| Aim of the exercise |
Word for word, restate the lines from the top of the records below through the line with "獅面空行母系佛學會每年三大除", both included, with no pictures in the result.

Dataset records:

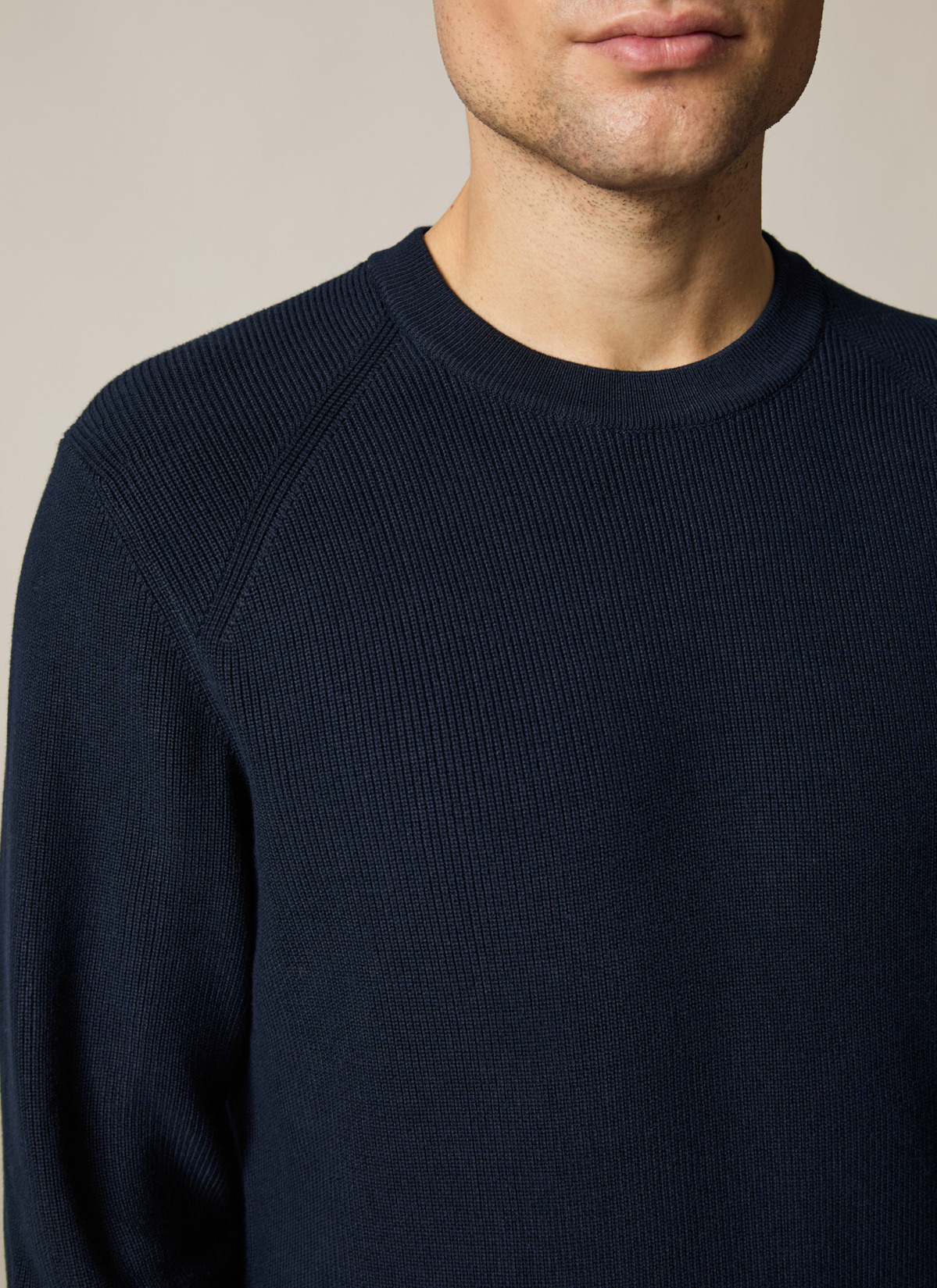Ein Basic Must-Have in jedem Kleiderschrank! Der Rundhalspullover zeigt sich mit markanter Perlfang-Optik. Durch französische Schulter erhält der Pullover eine besonders elegante, weiche und fließende Passform. Material: gefertigt aus Baumwolle bietet der Pullover einen hervorragenden Tragekomfort und ist besonders pflegeleicht . Haptik: kernig und weich im Griff. Styling-Tipp: kombiniert mit einem Hemd entsteht ein feiner Kontrast zum entspannten Stil des Pullovers.
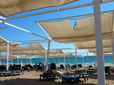 Hier Zeltdach, im Süral Garden und Süral Saray einzelne festmontierte Sonnendächer aus Holz
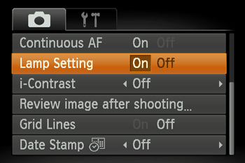 Press the [ ] button, choose [Lamp Setting] on the [Shooting] [ ] tab, and then choose [Off].
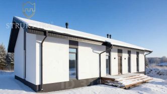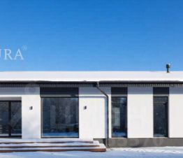 Фасад здания выполнен в контрастной отделке штукатуркой белого и серого цветов. Такой фасад не только красив, но и практичен. Он защитит ваши стены от атмосферных осадков и перепада температур, прослужит вам долгие годы без дополнительных затрат на обслуживание. Панорамные окна серого цвета и кровля покрытая волнистой металлочерепицей дополняют внешний облик здания. Крыльцо под общей крышей защитит вас от осадков и даже позволит уместить коляску или детский велосипед.
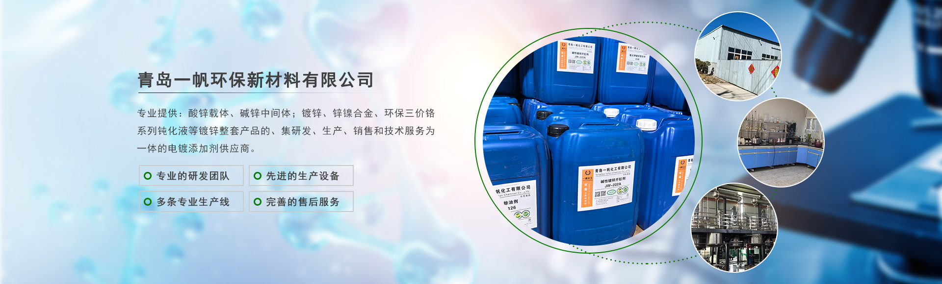 青島一帆環保新材料有限公司主營酸鋅載體、堿鋅中間體等一站式電鍍添加劑服務商!
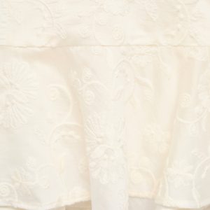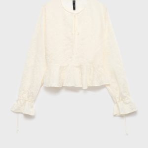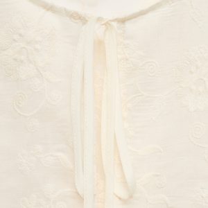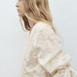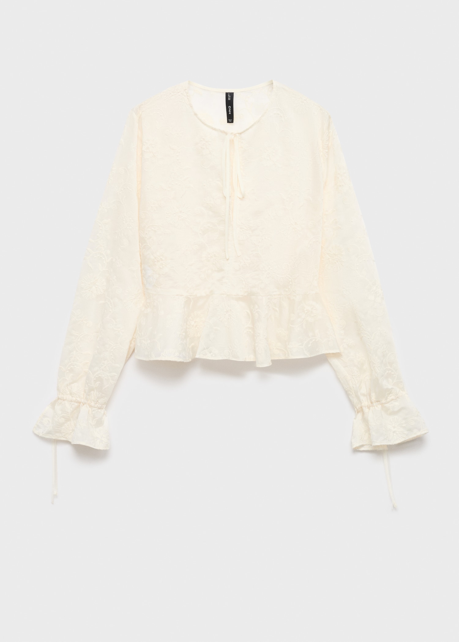 Crafted from embroidered lyocell fabric, this garment features a crop design with a round neckline and a bow detail. The long sleeves have adjustable cuffs and the hem includes a ruffle
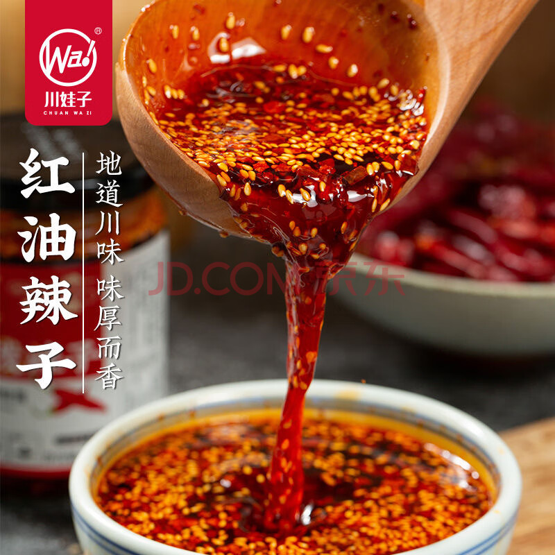 商品相册:川娃子 调味料 油泼辣子 凉拌汁 下饭拌菜料 辣椒酱 三次淋油辣椒油230g第
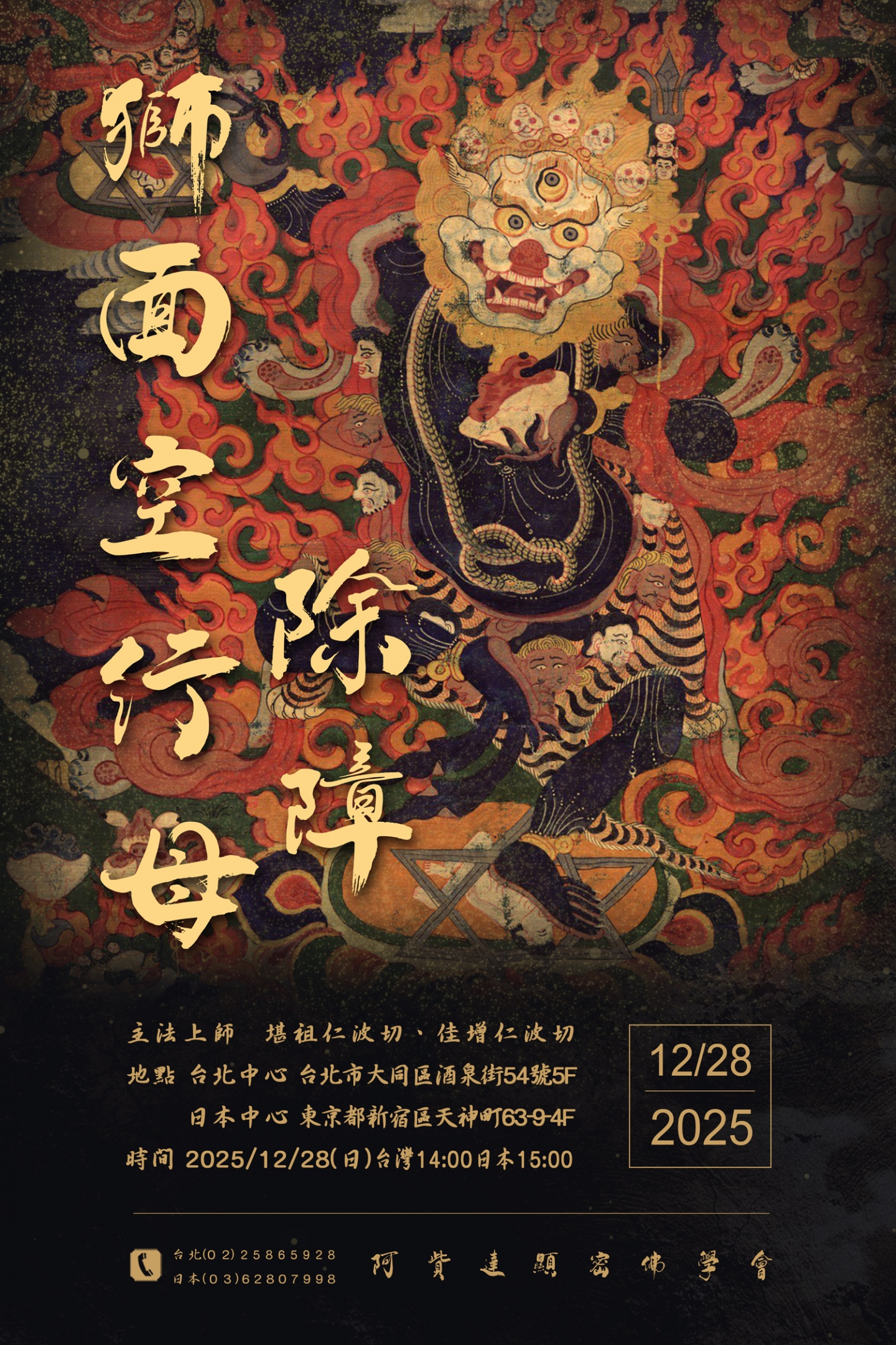 獅面空行母系佛學會每年三大除障法會之一,歡迎大家踴躍參與,共同遣除一切違緣障礙。
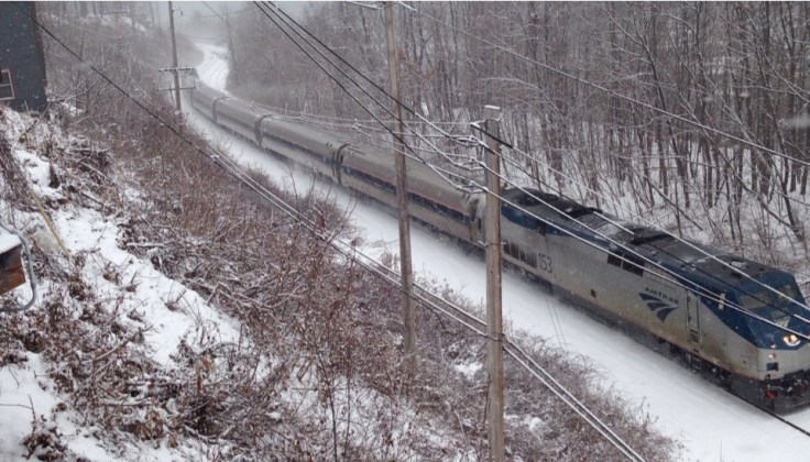 The Amtrak Vermonter heading south. Yesterday, the engineer tooted Jingle Bells, which was awesome.
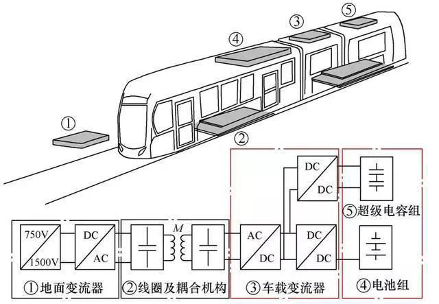 在車載儲(chǔ)能系統(tǒng)中,電池/超級(jí)電容混合儲(chǔ)能系統(tǒng)(Hybrid Energy Storage System, HESS)由于兼具高能量和高功率密度的優(yōu)點(diǎn),引起了人們的關(guān)注。本文考慮混合儲(chǔ)能系統(tǒng)作為無線電能傳輸系統(tǒng)的用電負(fù)載,以有軌電車為例給出了充電拓?fù)洌鐖D1所示。
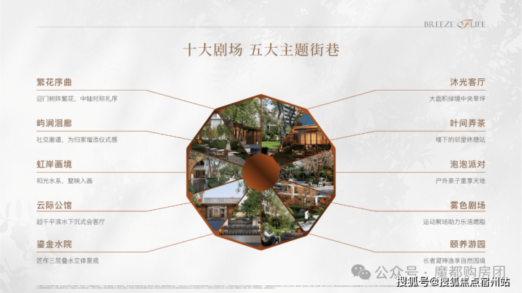 项目利用滨水环绕的特点,规划有 “十大剧场、五大主题街巷” 的景观概念,为业主带来尊崇感、仪式感兼备的归家体验。
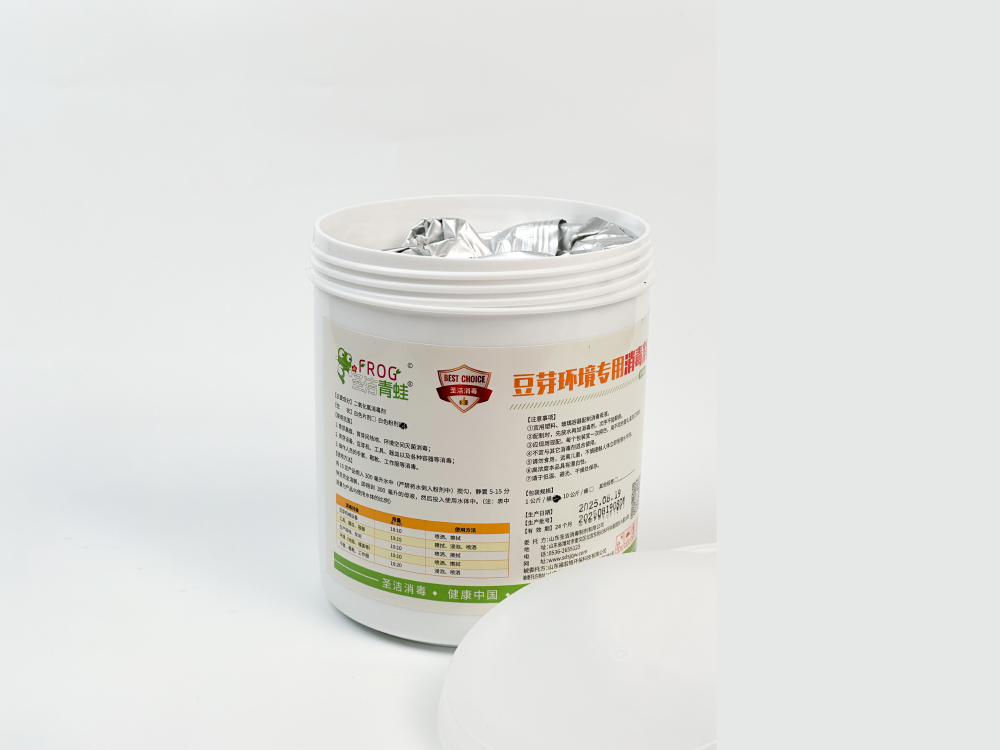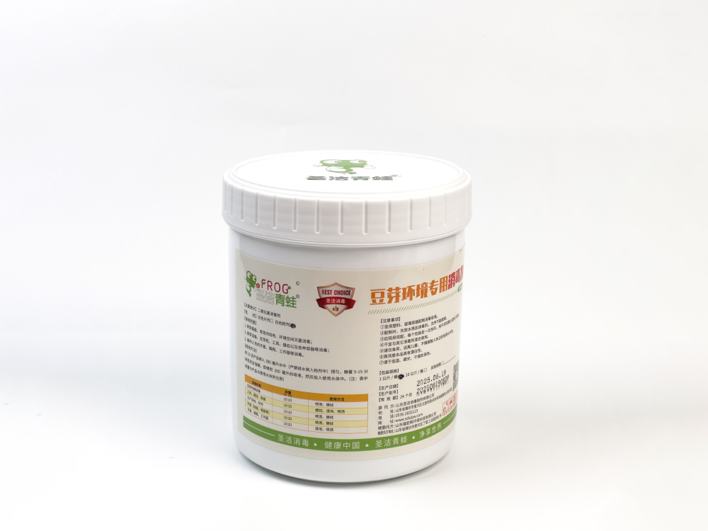圣洁青蛙豆芽环境专用消毒剂,通过强氧化作用达到消杀效果,具有广谱杀菌速度快的优势,使用浓度仅为常见含氯消毒剂(84、漂白粉、二氯等)的一半,本产品不会产生消毒副产物,属于高水平氧化性消毒剂,使用后无需再次冲洗。
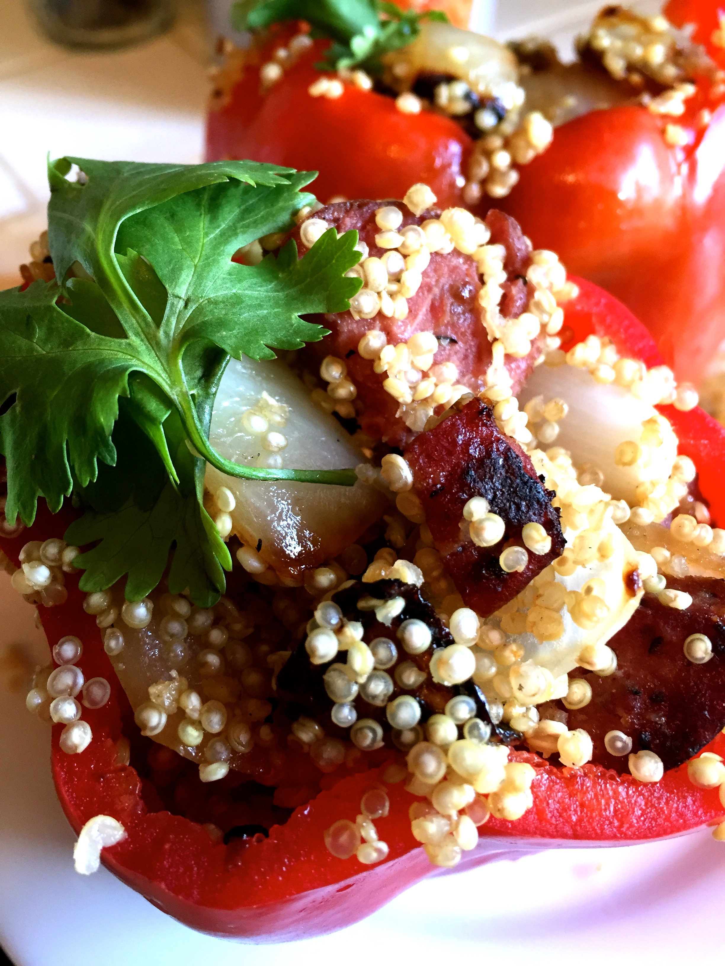 Quinoa Kielbasa Stuffed Bell Peppers
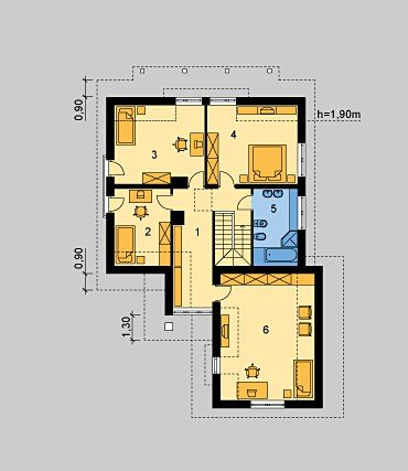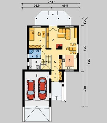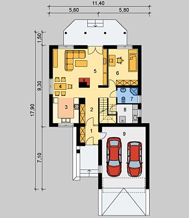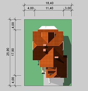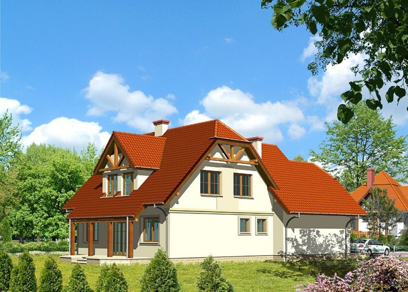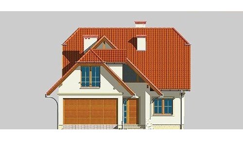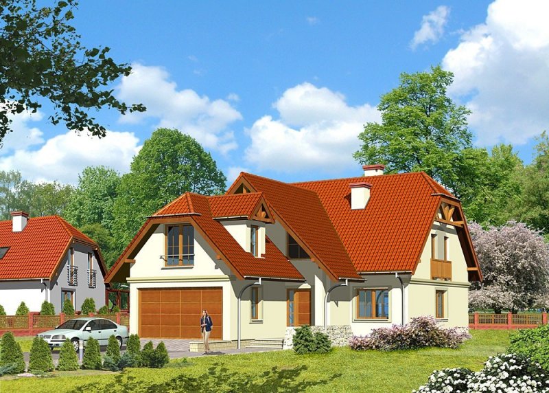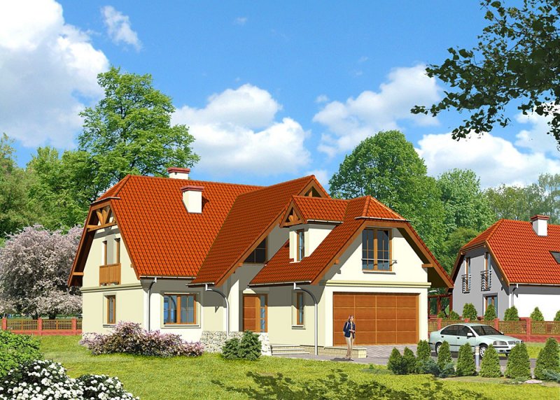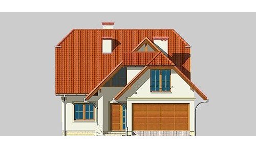 Dom jednorodzinny, parterowy, z poddaszem użytkowym i dwustanowiskowym garażem.

| Solution to the problem |
Ein Basic Must-Have in jedem Kleiderschrank! Der Rundhalspullover zeigt sich mit markanter Perlfang-Optik. Durch französische Schulter erhält der Pullover eine besonders elegante, weiche und fließende Passform. Material: gefertigt aus Baumwolle bietet der Pullover einen hervorragenden Tragekomfort und ist besonders pflegeleicht . Haptik: kernig und weich im Griff. Styling-Tipp: kombiniert mit einem Hemd entsteht ein feiner Kontrast zum entspannten Stil des Pullovers.
 Hier Zeltdach, im Süral Garden und Süral Saray einzelne festmontierte Sonnendächer aus Holz
 Press the [ ] button, choose [Lamp Setting] on the [Shooting] [ ] tab, and then choose [Off].
 Фасад здания выполнен в контрастной отделке штукатуркой белого и серого цветов. Такой фасад не только красив, но и практичен. Он защитит ваши стены от атмосферных осадков и перепада температур, прослужит вам долгие годы без дополнительных затрат на обслуживание. Панорамные окна серого цвета и кровля покрытая волнистой металлочерепицей дополняют внешний облик здания. Крыльцо под общей крышей защитит вас от осадков и даже позволит уместить коляску или детский велосипед.
 青島一帆環保新材料有限公司主營酸鋅載體、堿鋅中間體等一站式電鍍添加劑服務商!
 Crafted from embroidered lyocell fabric, this garment features a crop design with a round neckline and a bow detail. The long sleeves have adjustable cuffs and the hem includes a ruffle
 商品相册:川娃子 调味料 油泼辣子 凉拌汁 下饭拌菜料 辣椒酱 三次淋油辣椒油230g第
 獅面空行母系佛學會每年三大除障法會之一,歡迎大家踴躍參與,共同遣除一切違緣障礙。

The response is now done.